Provide a simple way to interfacing with the Bloomberg API. Provide functions for aggregating and caching
"""
import os
from collections import OrderedDict

import pandas as pd

from tia.bbg import LocalTerminal
import tia.util.log as log


__all__ = [
    "DataManager",
    "BbgDataManager",
    "MemoryStorage",
    "HDFStorage",
    "CachedDataManager",
    "Storage",
    "CacheOnlyDataManager",
    "SidAccessor",
    "MultiSidAccessor",
]

_force_array = lambda x: isinstance(x, str) and [x] or x


class SidAccessor(object):
    """ Bloomberg API accessor for a single security id (SID). """

    def __init__(self, sid, mgr, **overrides):
        self.sid = sid
        self.yellow_key = sid.split()[-1]
        self.sid_no_yellow_key = sid.rsplit(" ", 1)[0]
        self.mgr = mgr
        self.overrides = overrides or {}

    def __getattribute__(self, item):
        """Access bloomberg fields directly by using all upper case field names"""
        if item.isupper():
            return self.get_attributes(item, **self.overrides)
        else:
            return object.__getattribute__(self, item)

    def get_attributes(self, flds, **overrides):
        frame = self.mgr.get_attributes(self.sid, flds, **overrides)
        if self.mgr.sid_result_mode == "frame":
            return frame
        else:
            if isinstance(flds, str):
                return frame.iloc[0, 0]
            else:
                return frame.values[0].tolist()

    def __getitem__(self, flds):
        return self.get_attributes(flds, **self.overrides)

    def get_historical(self, flds, start, end, period=None, **overrides):
        return self.mgr.get_historical(self.sid, flds, start, end, period, **overrides)

    @property
    def currency(self):
        curr = self["CRNCY"]
        sid = "%s CURNCY" % curr
        return self.mgr[sid]

    def __repr__(self):
        return "%s(%s)" % (self.__class__.__name__, self.sid)

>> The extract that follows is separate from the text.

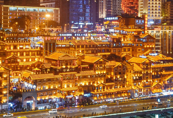 ,可乘坐电梯进入洪崖洞商业街。洪崖洞的民俗音乐广场、国泰剧院和解放碑森林广场可容纳三千多人,是重庆商业的发源地;洪崖洞11楼和1楼走出去都是马路的山城特色;洪崖洞的景点有:
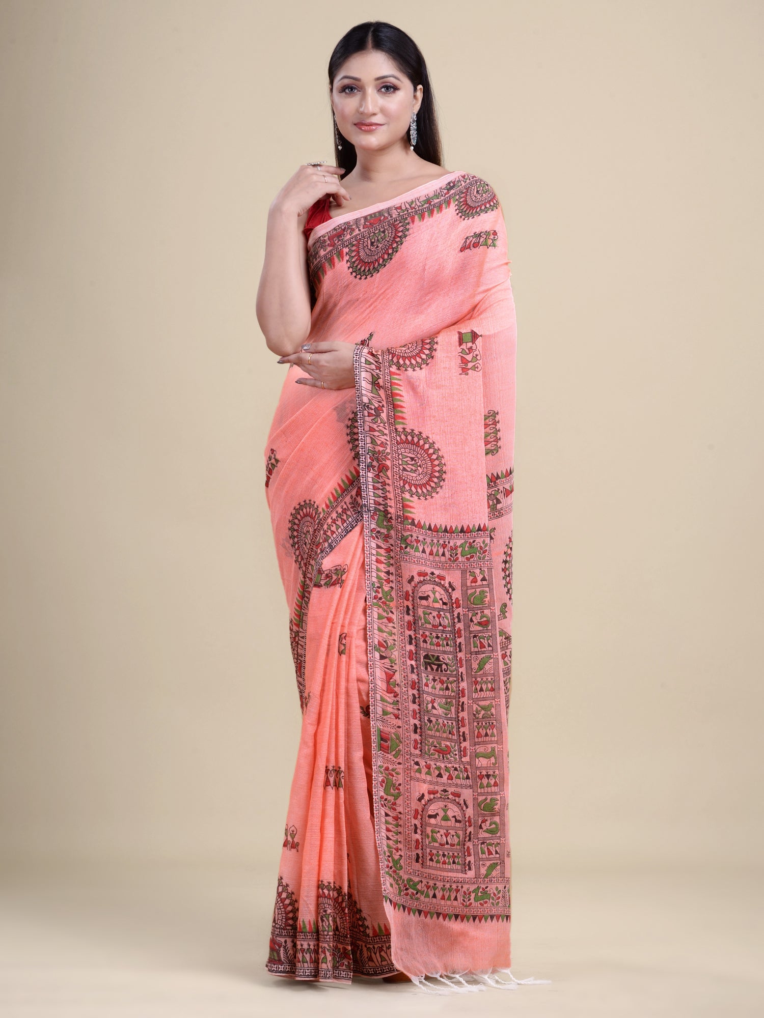 | Peach & Multi Handloom saree |

    def __eq__(self, other):
        if isinstance(other, self.__class__):
            return self.sid.upper() == other.sid.upper()
        else:
            return False

    def __ne__(self, other):
        return not self.__eq__(other)

    def __hash__(self):
        return self.sid.__hash__()


class MultiSidAccessor(object):
    """ Bloomberg API accessor for multiple security ids """

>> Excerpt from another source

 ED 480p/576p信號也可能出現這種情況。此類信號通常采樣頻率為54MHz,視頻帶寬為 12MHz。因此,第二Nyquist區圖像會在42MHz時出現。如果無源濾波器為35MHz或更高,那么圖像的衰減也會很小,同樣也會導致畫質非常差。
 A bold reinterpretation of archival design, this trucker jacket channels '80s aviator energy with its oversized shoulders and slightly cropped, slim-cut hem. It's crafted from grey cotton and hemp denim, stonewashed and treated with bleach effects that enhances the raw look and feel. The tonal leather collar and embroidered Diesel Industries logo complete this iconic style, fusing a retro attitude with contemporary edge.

    def __init__(self, sids, mgr, **overrides):
        self.sids = sids
        self.yellow_keys = pd.Series({sid: sid.split()[-1] for sid in sids})
        self.sid_no_yellow_keys = pd.Series(
            {sid: sid.rsplit(" ", 1)[0] for sid in sids}
        )
        self.mgr = mgr
        self.overrides = overrides or {}

    def __getattribute__(self, item):
        """Access bloomberg fields directly by using all upper case field names"""
        if item.isupper():
            return self.get_attributes(item, **self.overrides)
        else:
            return object.__getattribute__(self, item)

    def get_attributes(self, flds, **overrides):
        frame = self.mgr.get_attributes(self.sids, flds, **overrides)
        return frame

    def __getitem__(self, flds):
        return self.get_attributes(flds, **self.overrides)

    def get_historical(self, flds, start, end, period=None, **overrides):
        return self.mgr.get_historical(self.sids, flds, start, end, period, **overrides)

    def __repr__(self):
        return "%s(%s)" % (self.__class__.__name__, ",".join(self.sids))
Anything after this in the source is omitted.